SDV Insights

The 10th Circuit Reminds Policyholders that Insurance Carriers May Not Be Required to Show Prejudice Under a "Claims-Made" Policy


The 10th Circuit Court of Appeals recently issued a decision that serves to remind policyholders that the insured’s duty to provide timely notice may be treated differently under a “claims-made” policy. Specifically, the 10th Circuit held that insurance carriers may not be required to show that they have been prejudiced by a policyholder’s failure to give “prompt” notice before denying coverage under a “claims-made” policy.

While many jurisdictions adhere to the notice-prejudice rule, which requires an insurer to demonstrate that it has been prejudiced before it is permitted to deny coverage on the basis of a policyholder’s untimely notice, this rule is most commonly applied in the context of “occurrence” policies. Occurrence policies provide coverage for loss or damage that “occurs” within the policy period, regardless of when a claim is made. Conversely, a “claims-made” policy provides coverage for those claims brought against the policyholder during the policy period and reported to the insurer by a certain date, typically within a brief window following the expiration of the policy period.

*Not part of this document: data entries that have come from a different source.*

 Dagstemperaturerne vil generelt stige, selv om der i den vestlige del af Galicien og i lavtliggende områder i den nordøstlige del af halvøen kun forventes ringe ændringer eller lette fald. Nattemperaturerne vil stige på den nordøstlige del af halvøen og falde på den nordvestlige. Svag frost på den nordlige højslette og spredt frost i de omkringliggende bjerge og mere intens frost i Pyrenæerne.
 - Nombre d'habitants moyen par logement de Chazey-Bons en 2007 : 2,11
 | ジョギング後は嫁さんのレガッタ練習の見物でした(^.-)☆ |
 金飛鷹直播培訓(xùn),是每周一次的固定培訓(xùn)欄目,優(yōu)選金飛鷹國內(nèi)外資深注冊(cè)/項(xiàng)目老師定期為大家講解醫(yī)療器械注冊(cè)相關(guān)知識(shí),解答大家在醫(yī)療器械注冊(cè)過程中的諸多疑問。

In Dean Craft v. Philadelphia Indemnity Insurance Co., 2015 U.S. App. LEXIS 6032 (10th Cir. 2015), the 10th Circuit Court of Appeals certified, to the Colorado Supreme Court, the unsettled question of whether the notice-prejudice rule applies to “claims-made” policies. Dean Craft involved a “claims-made” policy that required the policyholder to provide notice “as soon as practicable” after learning of the claim but “not later than 60 days” after the expiration of the policy. Nevertheless, the policyholder provided notice of the claim far past the policy’s 60-day date-certain notice requirement. While the Colorado Supreme Court was presented with the broad question of whether the notice-prejudice rule applies to “claims-made” policies, the court chose to answer the question more narrowly and restrict its’ analysis to whether the notice-prejudice rule applied to the date-certain notice requirement of a “claims-made” policy.  In answering the 10th Circuit’s certified question, the Colorado Supreme Court found that the notice-prejudice rule couldn’t apply to the date-certain notice requirement in the policyholder’s “claims-made” policy.

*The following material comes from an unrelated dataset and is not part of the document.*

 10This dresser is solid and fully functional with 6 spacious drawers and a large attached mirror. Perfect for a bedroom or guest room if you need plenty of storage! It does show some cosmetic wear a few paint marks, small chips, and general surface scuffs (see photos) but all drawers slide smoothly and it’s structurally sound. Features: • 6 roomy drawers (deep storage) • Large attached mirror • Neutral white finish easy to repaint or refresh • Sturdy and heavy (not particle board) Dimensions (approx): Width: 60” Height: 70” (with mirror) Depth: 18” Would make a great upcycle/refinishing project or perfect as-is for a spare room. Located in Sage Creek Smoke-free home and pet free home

The court found that, under a claims-made policy, timely notice is the event that triggers coverage and to excuse late notice in violation of such a requirement would alter a basic term of the insurance contract. The court expressed concern that applying the notice-prejudice rule would prevent insurer’s from defining coverage with certainty because they would not be able to “close the books” on previous policy periods and policy premiums would rise to account for the risk that an insured might notify the insurer of a claim after the policy period expired. Ultimately, the court recognized that extending the notice-prejudice rule to date-certain notice requirements would likely decrease the availability of “claims-made” insurance policies.